En el tercer golpe, «Robando cenizas, determinación y malicia», volvemos a una estructura más tradicional donde la habilidad y la astucia de Ankurô hacen gala. Todos los ingredientes del primer relato se trasladan a este sin resultar repetitivos: el robo como forma de venganza, de la que aún no sabemos sus motivaciones; la infiltración, caracterización y el componente sexual como métodos para salirse con la suya y los propios ladrones como objetivo de la justicia poética de nuestro protagonista, que en esta ocasión son dos bandas rivales que se reparten el territorio de la ruta Tokaido, la más famosa de Japón, ya que unía Edo con Kioto, las dos ciudades más importantes del momento.
Dicha carretera contaba entre ciudades y pueblos con cincuenta y tres estaciones (de hecho, es el nombre de una de las más famosas obras de Ukiyo-e de Hiroshige), donde se podía pernoctar, aprovisionarse e incluso disfrutar con la gastronomía y los más variopintos espectáculos callejeros. El pueblo número veintisiete funcionaba se situaba exactamente la mitad del recorrido y dividía el camino en dos, aunque estas dos casas rivales no parecen muy conformes con ello en esta historia. Ankurô aprovechará dicha disputa para sembrar la rivalidad y burlarse de todos.

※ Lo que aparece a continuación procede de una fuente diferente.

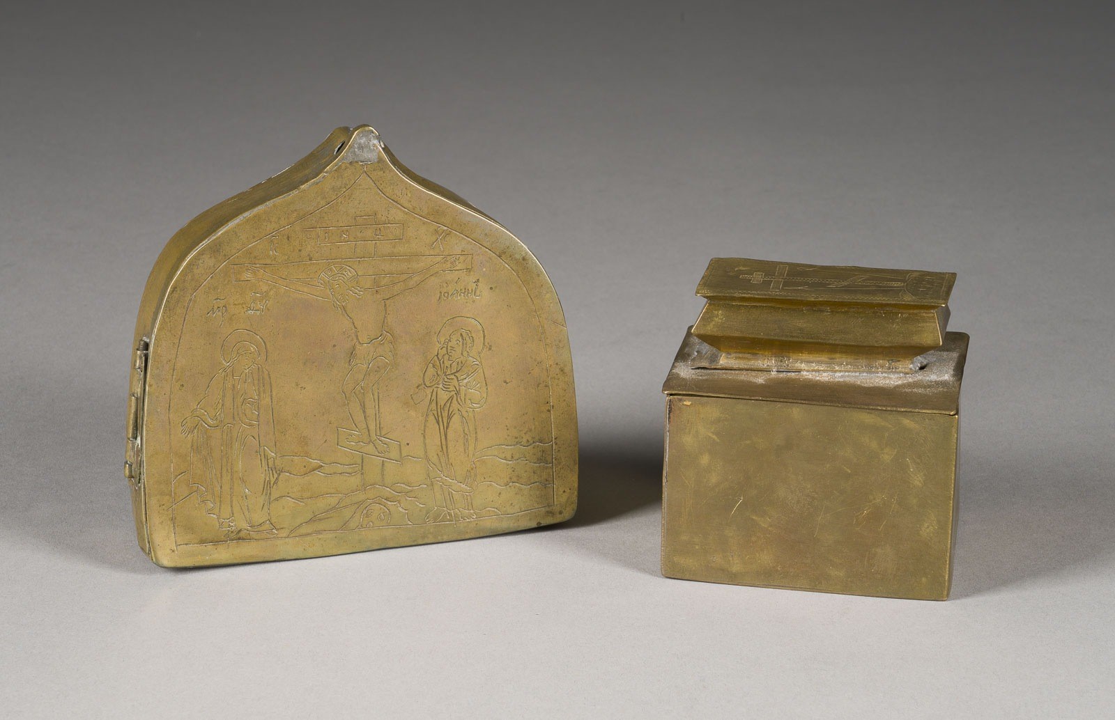 Messing, teils graviert. H. 7 / 10,5 cm. Gebrauchsspuren.

Como último golpe en este volumen se encuentra «Las casas adosadas de los tres-Itos», donde Ankurô se hará pasar por un nuevo vecino de una de las típicas casas en hilera de clase baja (también podemos verlas en el capítulo cinco de «Uzumaki», de Junji Ito), mostrándose amable y entablando relaciones con los demás habitantes, en especial con Okimi, una joven inocente hija de un vendedor ambulante que en realidad se gana la vida con lo que no es suyo. Será entonces cuando se revele el motivo por el que Ankurô pretende vengarse, y por qué su objetivo son esos ladrones a los que busca y gana en su propio terreno. Se torna entonces en una historia de venganza semejante a la de Lady Snowblood, otro de los personajes de Koike, aunque con dibujo del también genial Kamimura.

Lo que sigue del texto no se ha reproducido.